Waller’s ‘limning’ of fossils have been rediscovered recently alongside Hooke’s drawings, S. Kusukawa, ‘The Fossil Drawings by Robert Hooke and Richard Waller‘, Notes and Records of the Royal Society, 67 (2013), 123-38.

The extent to which the extant drawings formed part of Waller’s pictorial table is pursued in L.R. Griffing, ‘Who invented the dichotomous key?
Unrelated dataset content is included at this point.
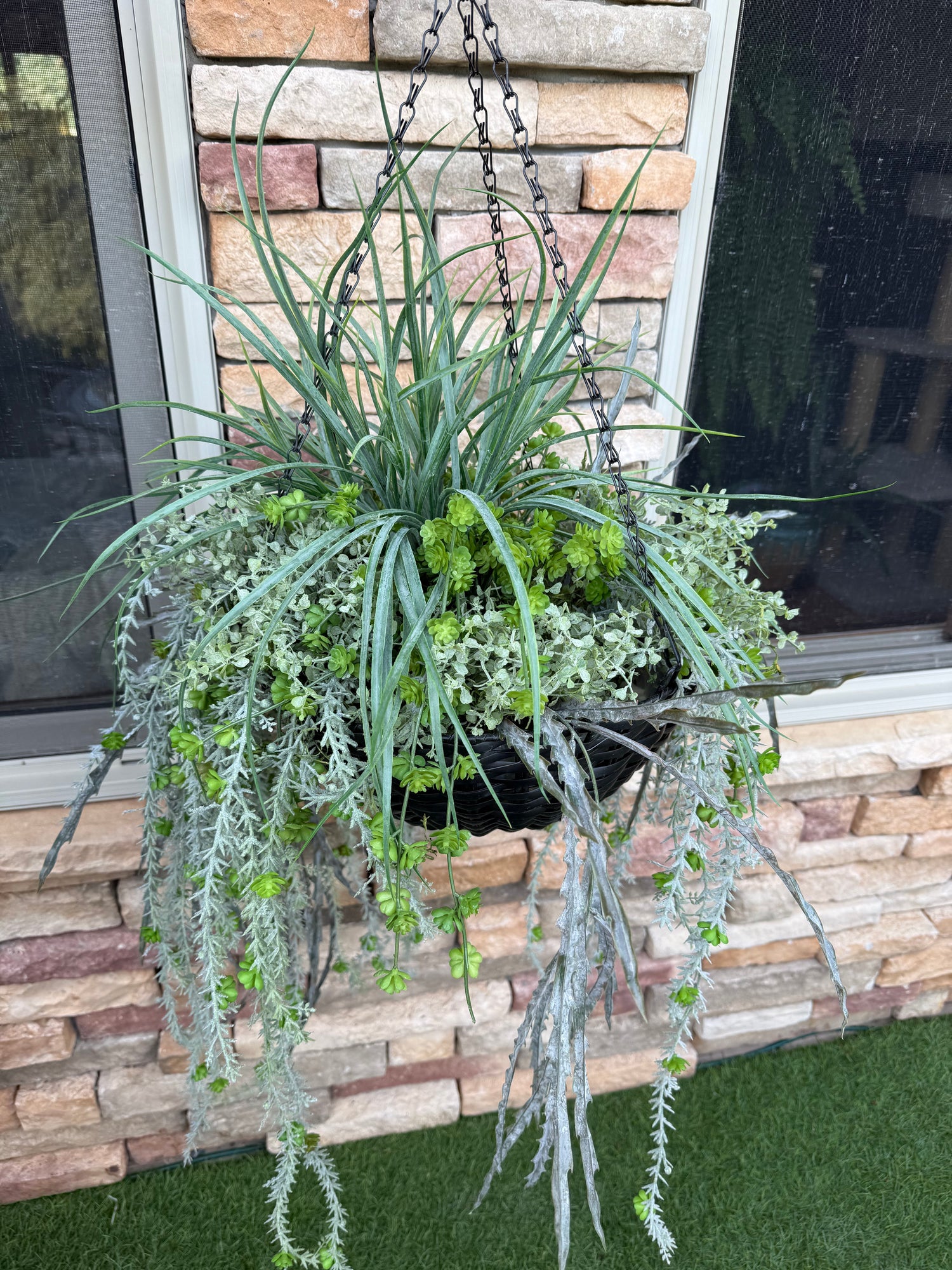 🌿 Lifelike Texture & Color: A lush mix of faux succulents and grasses, carefully arranged for a full, natural look

Richard Waller’s watercolors of the herbs of Britain‘, American Journal of Botany 98-12 (2011).

Waller became a close friend of Hooke’s, whose biography he composed, see N. Moxham, ‘An experimental “Life” for an experimental life: Richard Waller’s biography of Robert Hooke (1705)’, British Journal for the History of Science (2016).

For Mary Moore’s tract on women’s rights, see Frances Teague and Margaret J. M. Ezell, Educating English daughters: late seventeenth-century debates (Toronto and Tempe, AZ: Iter and MRTS, 2016).

For Waller’s attempt to stabilize colour terminology to render more reliable descriptions of flora and fauna, see Sachiko Kusukawa, ‘Richard Waller’s Colour Chart (1686)’, in Colour histories. Science, art, and technology in the 17th and 18th centuries, ed. by M. Bushart and F. Steinle (Berlin: W. de Gruyter, 2015).